> [Problem requirements]: Where the data below begins, start retyping exactly, and end on the line with "1 long back", which is included; no picture goes in.

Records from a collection
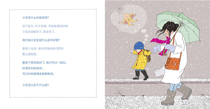 小宝宝什么时候来呢?——小宝宝准备好了就会来了,会在秋天。给小宝宝取什么名字呢?——要是个女孩,就叫苏珊或者约瑟芬,要么詹妮弗;要是个男孩,可以叫他彼得或者蜘蛛侠。小宝宝长大后干什么呢?——也许,小宝宝会当上大厨或者园丁;也许小宝宝会在动物园工作,也许小宝宝会当医生或者护士……通过小男孩和妈妈的谈话,展现小男孩对弟弟妹妹的即将到来,既充满不安,又心怀期待。
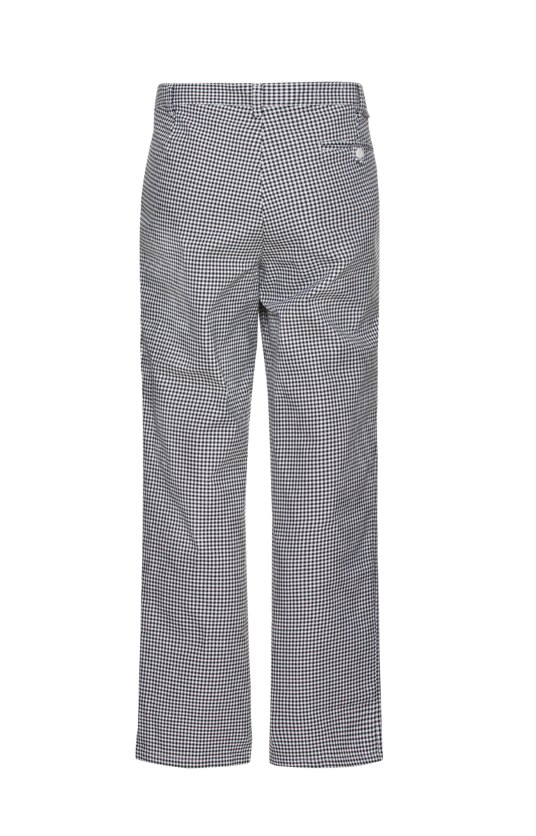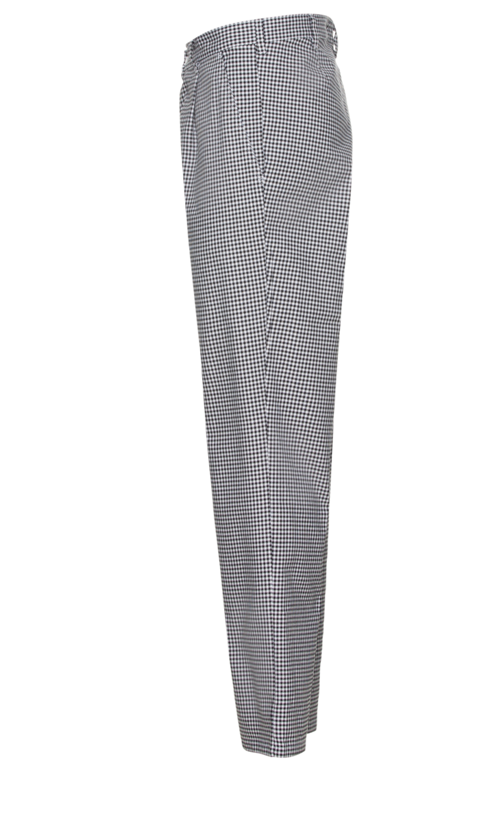 - Klasično, crno-bijelo Karirane kuharske hlače s naborima
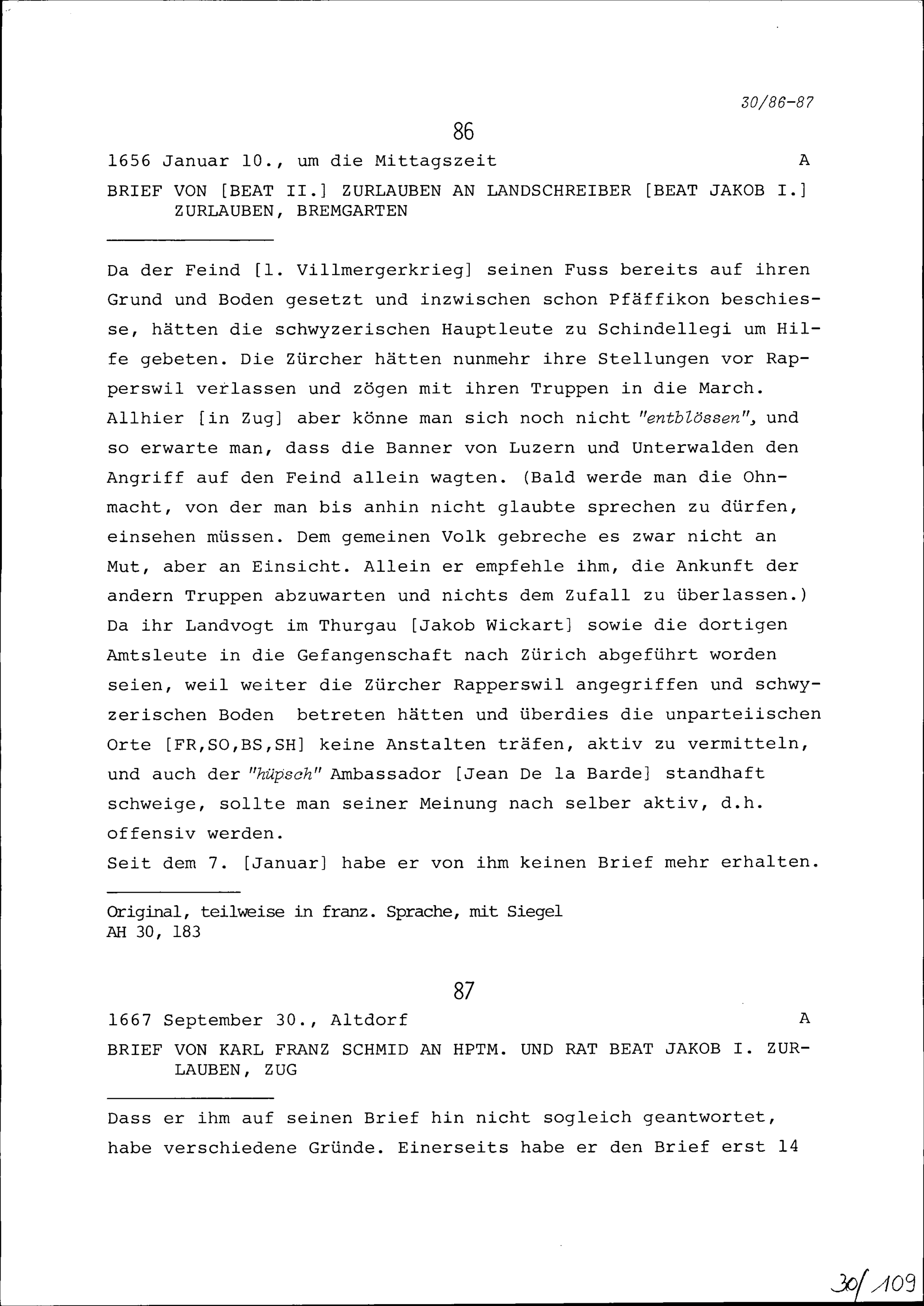 Schreiben von Karl Franz Schmid an Beat Jakob I. Zurlauben, Hauptmann und Rat, Zug
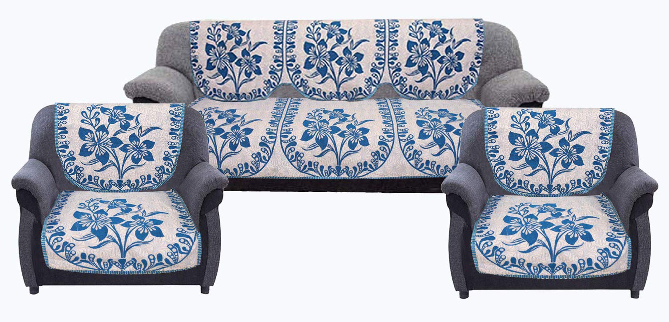 1 long back cover for 3 seater sofa, 1 long seat cover for 3 seater sofa, 2 back covers and 2 seat cover for single seat sofa. Made in Velvet material. Protect: Our stylish furniture slip cover protects furniture from stains, dust, dirt and pet hair. Great for homes, offices with babies, kids, dogs and cats. Perfect fit: Fits perfectly on each and every kind of sofa, made from material. Easy care: Machine wash and hand washable (cold) and dry (cool). Dimensions in cm (lxw): Sofa seat cover- 178x74, sofa back cover- 178x74, chair seat cover- 74x61, chair back cover- 74x61,.Detailed Specifications:
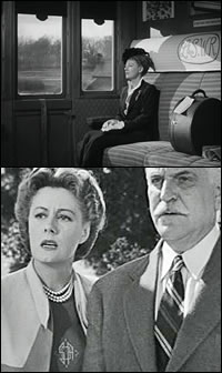 Scene: Top: Susan is having second thought about her ability to fit in with Sir John's aristocratic family, and leaves their manor house for London. Bottom: Susan and her father Hiram Porter Dunn (Frank Morgan) have a discussion in yard after a family picnic.
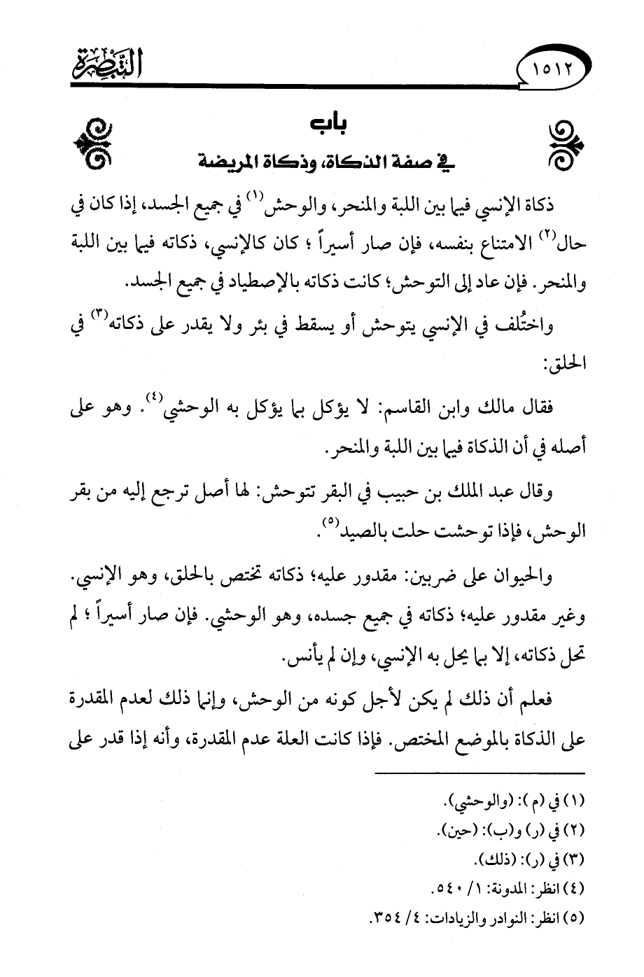 (¬5) انظر: النوادر والزيادات: 4/ 354.
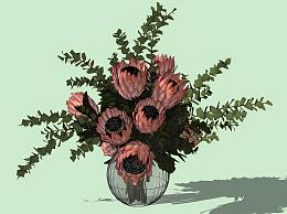 现代玻璃花瓶花卉
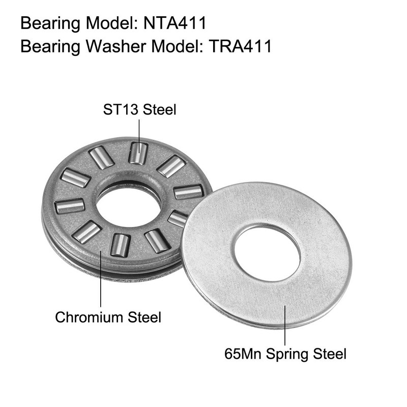 - [MODEL] - Bearing Model: NTA411 (I.D.=1/4-inch, O.D.=11/16-inch, Bearings Thickness(T1)=5/64-inch; Washer Thickness (T2): 0.032-inch(Approx.)); Washer Model: TRA411

> [Reply]:
 小宝宝什么时候来呢?——小宝宝准备好了就会来了,会在秋天。给小宝宝取什么名字呢?——要是个女孩,就叫苏珊或者约瑟芬,要么詹妮弗;要是个男孩,可以叫他彼得或者蜘蛛侠。小宝宝长大后干什么呢?——也许,小宝宝会当上大厨或者园丁;也许小宝宝会在动物园工作,也许小宝宝会当医生或者护士……通过小男孩和妈妈的谈话,展现小男孩对弟弟妹妹的即将到来,既充满不安,又心怀期待。
 - Klasično, crno-bijelo Karirane kuharske hlače s naborima
 Schreiben von Karl Franz Schmid an Beat Jakob I. Zurlauben, Hauptmann und Rat, Zug
 1 long back cover for 3 seater sofa, 1 long seat cover for 3 seater sofa, 2 back covers and 2 seat cover for single seat sofa. Made in Velvet material. Protect: Our stylish furniture slip cover protects furniture from stains, dust, dirt and pet hair. Great for homes, offices with babies, kids, dogs and cats. Perfect fit: Fits perfectly on each and every kind of sofa, made from material. Easy care: Machine wash and hand washable (cold) and dry (cool). Dimensions in cm (lxw): Sofa seat cover- 178x74, sofa back cover- 178x74, chair seat cover- 74x61, chair back cover- 74x61,.Detailed Specifications:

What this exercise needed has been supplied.